The Permian interval is important for shale oil and gas exploration in South China. However, the exploration and development of Permian shale gas are still at the preliminary stage, and our understanding of its shale gas reservoir characteristics is not advanced [10,11,12]. The latest research indicates that, compared to the shale in the Sichuan Basin, the Dalong Formation shale in Western Hubei has the following particularities detailed below. (1) Whereas the main producing layers of the Longmaxi Formation in the Sichuan Basin are shelf deposits [13,14,15], the dominant layers being explored in the Dalong Formation are in the rifted platform basin facies [16,17]. (2) The total organic carbon (TOC) content of the Longmaxi Formation in the Sichuan Basin is mainly within the range of 0.5-6.0 wt.% [18,19], whereas that of the Dalong Formation in Western Hubei is in the range 2.6–14.3 wt.%, which may impact the formation of organic matter pores. (3) Compared to shale gas resources in the Sichuan Basin (60% of which are buried to >3500 m depth), the Calong shale is shallowly buried (mostly 0–2000 m depth, except in the Lichuan region where it is buried to a 4000 m depth) and widely distributed. The Dalong Formation has undergone a moderate degree of thermal evolution (Ro = 2.6–2.8%) [20], slightly less than the Longmaxi Formation (Ro = 2.3–3.1%) [21].
Exploration efforts have demonstrated Permian rocks in Western Hubei to be good prospects for shale gas exploration [22,23], and shale gas reservoirs have been discovered in many wells there. In 2021, a test of well Hongye 1HF in the Ongxing area of Enshi, Hubei, produced 89,000 m3 of industrial gas flow per day, setting off a boom in Permian shale gas exploration in Western Hubei.

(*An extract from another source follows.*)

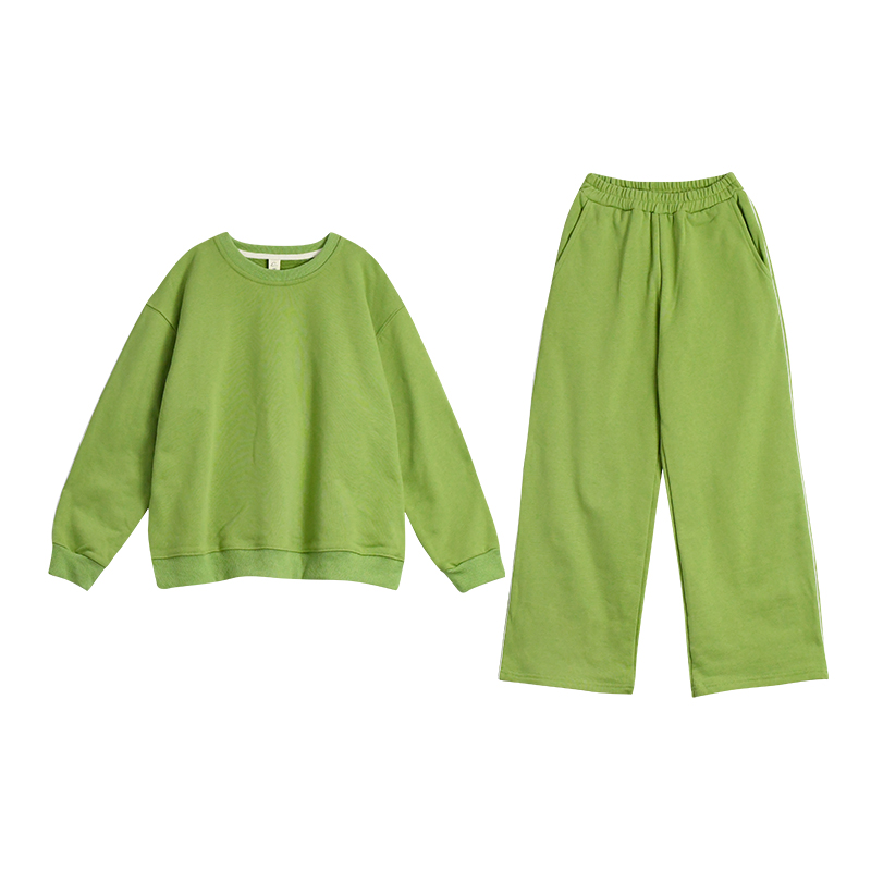 文艺2秋冬加绒绿色卫衣套装

Recently, studies on Dalong Formation shale reservoirs in the Western Hubei trough have found these reservoirs to have poor physical properties, with total porosities of less than 3% [24]. Pores are mainly organic pores with parallel plate and ink bottle shapes. Micropores and mesopores are important components of a shale’s pore structure, which is also influenced by the organic matter content and shale lithofacies [25,26]. At present, our understanding of the basic geological characteristics of the organic-rich shale in the Western Hubei Dalong Formation, as well as the characteristics and pore structure of the shale gas reservoir, remains relatively limited. Because gas reservoirs are strongly heterogeneous, research into the factors influencing reservoir development is of great significance for the evaluation and prediction of high-quality reservoirs. Furthermore, such reservoir characterizations are informative for basin-scale petroleum system investigations [27,28,29,30], which are often critical to oil and gas exploration activities and our understanding of regional petroleum systems [30,31].

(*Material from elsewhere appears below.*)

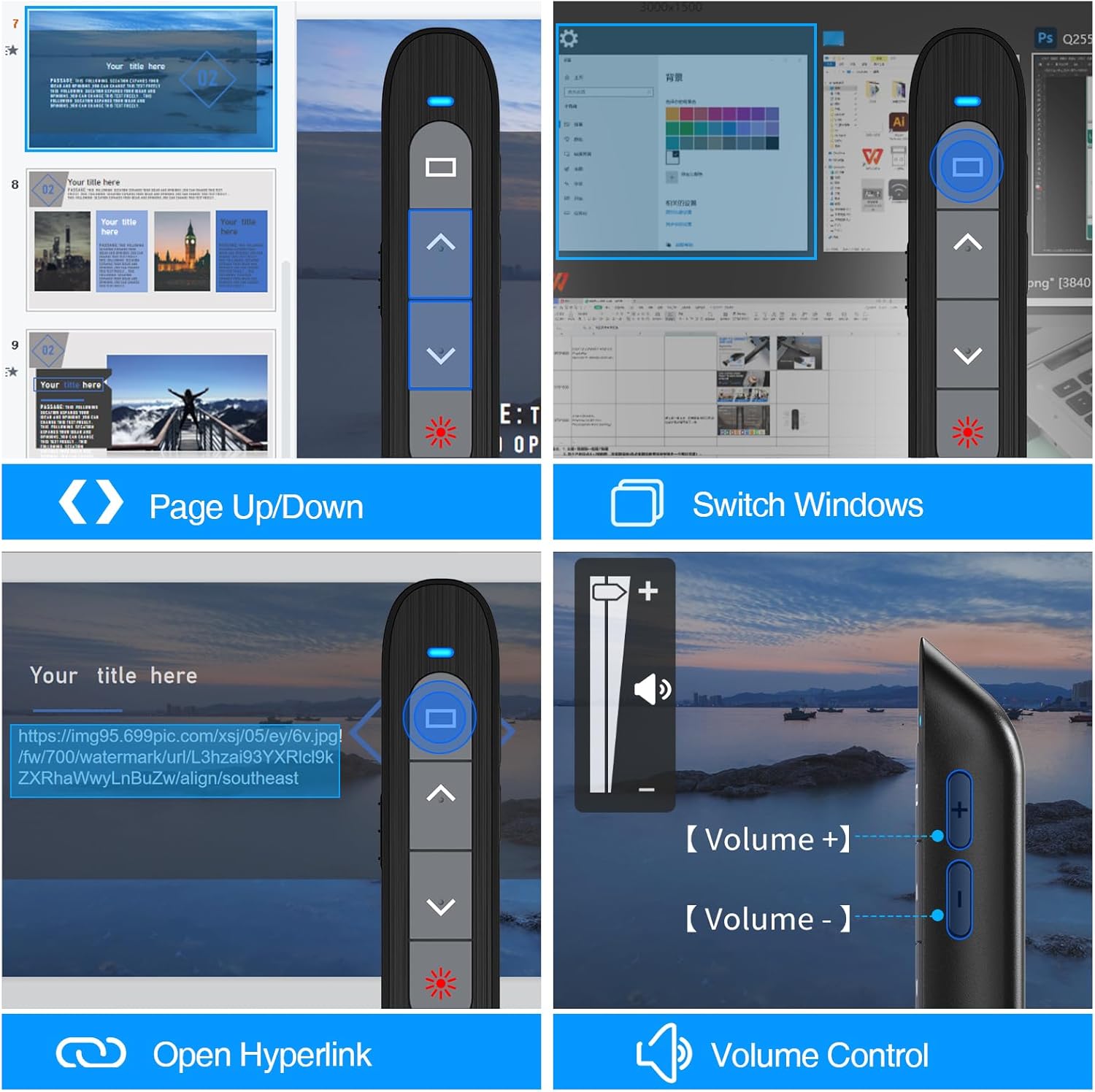 - 【Functional Remote Clicker for presentations】The wireless computer clciker for presentations combines the features of page forward/backward, volume control, switch windows, full/black screen, hyperlink; Plug and play,it doesn’t require drivers.(For Mac users, you may need to complete an simple set-up first)

In this study, we first analyzed the mineral composition and organic geochemical characteristics of siliceous shales of the upper Permian Dalong Formation in the Western Hubei trough. Then, we measured their total porosities and permeabilities, observed the samples under a field-emission scanning electron microscope (FE-SEM), conducted CO2 and N2 adsorption tests to analyze the physical properties of the siliceous shale reservoirs, qualitatively evaluated pore types, morphologies, and sizes of pores, quantitatively characterized pore-structure parameters such as pore volume and specific surface area, and determined the effects of mineral composition and organic matter content on pore development. Finally, we performed isothermal methane adsorption experiments to characterize the adsorption capacity of the shales and identify factors influencing it, aiming to provide a basis for the geological evaluation and exploration of shale gas in the upper Permian Dalong Formation.
Our results on the factors influencing reservoir development can be used to improve the evaluation and prediction of shale reservoirs and, more broadly, inform petroleum systems and exploration science, e.g., [27,28,30]. Future testing of other drill-core samples in the Western Hubei trough and a lateral comparison of the results will benefit the development of shale gas resources in Western Hubei.

2. Geological Setting

The Western Hubei region is in the Western Hunan-Hubei fold belt in the central Yangtze platform of the South China plate. Through numerous orogenies, including the Caledonian, Hercynian, Indosinian, Yanshanian, and Himalayan, this region developed with two sets of basin-controlling faults trending NNE and NW. The basin is actually a residual basin formed by the modification and superposition of several prototype basins [32,33,34,35]. The Western Hubei region is adjacent to the Sichuan Basin in the northwest (with the Qiyueshan fault as its border), the Huangling anticline–Yichang slope belt to the northeast (with the Tianyangping–Jianli fault as its border), and the Jiangnan–Xuefeng overthrust belt to the southeast (with the Cili–Baojing fault as their boundary) [34,36]. It contains four secondary tectonic units: the Lichuan complex syncline, Central complex anticline, Huaguoping complex syncline, and Yidu–Hefeng complex anticline (Figure 1c).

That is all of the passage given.